Steps taken in the project

  1. Research and choice of the datasets for the project
  2. Research and choice of the technologies for the project
  3. Development and testing
  4. Documentation

Data model

The adopted data model is shown in Figure 1. The tables form a star schema with two fact (weather and air_quality) and seven dimesion tables (zones, time, cities, locations, weather_stations, sources and attributions). The chosen schema, compared to a highly normalized schema, allows for easier and faster data analytics by making the queries much simpler (fewer joins). The weather and air_quality tables are designed to be joined on time and/or zone; this is meant to simplify the investigation of the influence of weather on the pollution level.

Figure 1: Data model

ETL

The air quality and weather data pipelines are defined in Apache Airflow as the directed acyclic graphs (DAG) shown in Figures 2 and 3 respectively.

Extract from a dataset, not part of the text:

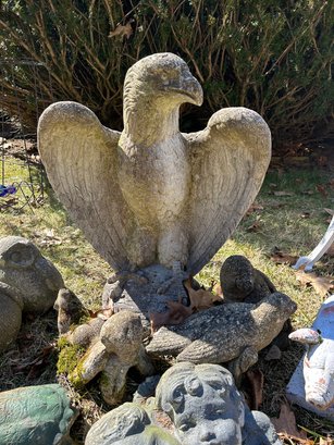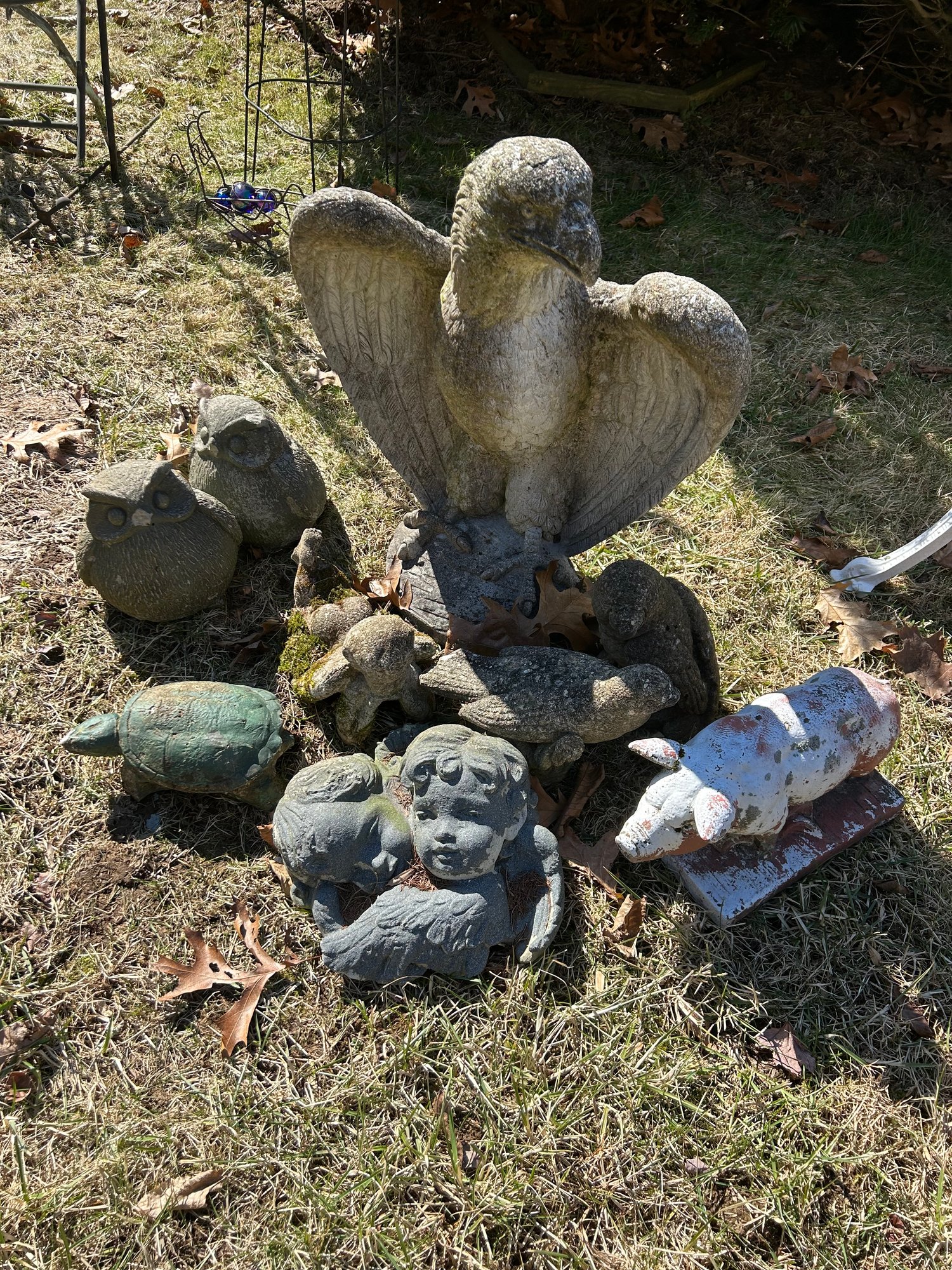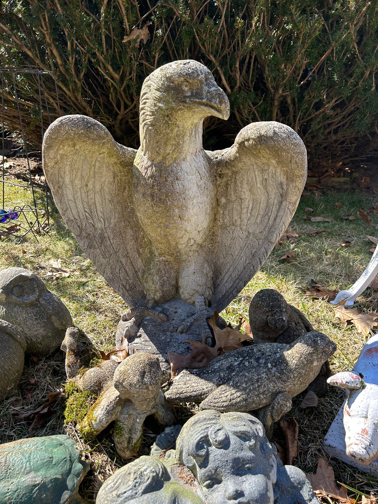 Cast stone yard ornaments and figures, including eagle, birds, owls, pig, turtle largest piece, 23 inches tall

DAG instances as well as individual tasks are managed and monitored using Airflow's UI. New air quality and weather data is to be added on a daily and on an annual basis respectively.

Figure 2: Air quality DAG

Figure 3: Weather DAG

DEP6 defines the following operators (colour legend in Figures 2 and 3):

  • ETAirQualityOperator
    • Extracts air quality data from S3 (nested ndjson files), transforms the data using pandas and saves the output to S3 (CSV files)
  • CopyCsvRedshiftOperator
    • Copies data from CSV files stored on S3 to table on Redshift
  • CopyFixedWidthRedshiftOperator
    • Copies data from a fixed-width file stored on S3 to table on Redshift
  • LoadDimensionOperator
    • Executes given insert query on Redshift optionally deleting all entries from the target table prior to the insert.
  • LoadFactOperator
    • Executes given insert query on Redshift
  • DataQualityOperator
    • Executes given select query on Redshift and compares the result with the given expected value; if the values differ, raises an exception.

Technologies

The following technology choices were made:

  • Database - Amazon Redshift for the following reasons:
    • designed for data warehouses
    • distributed scalable system with columnar storage which is able to handle large amounts of data and multiple concurrent users
    • SQL database - query language the potential users are likely to be faimilar with
    • source datasets are in S3
  • ETL orchestration tool - Apache Airflow:
    • open-source, widely used and tested tool with good documentation
    • UI allowing for easy inspection and management of ETL jobs
    • good logging and reporting functionalities out of the box
    • ETL defined as code
  • Data transformation tool for air quality data: pandas (Python library)
    • simple tool with excellent documentation
    • data is in the nested ndjson format which makes direct copy to Redshift difficult - Redshift Spectrum would have to be used which would make the solution more expensive
    • the amount of data (up to few hundred MB per day) is small enough to easily fit into memory of one machine
  • Data storage - S3:
    • integration with Redshift (fast and easy data transfers)

Other scenarios

Data is increased by 100x

The usage of pandas for the transformation of air quality data would not be a viable option anymore due to the memory requirement. This process would have to be handled either by Redshift Spectrum which is capable of ingesting nested data or a data processing engine running on a cluster such as Spark. The other DEP6 tasks use solely Redshift for data ingestion and transformation and Redshift is fine with handling large amounts of data since it is a distributed system.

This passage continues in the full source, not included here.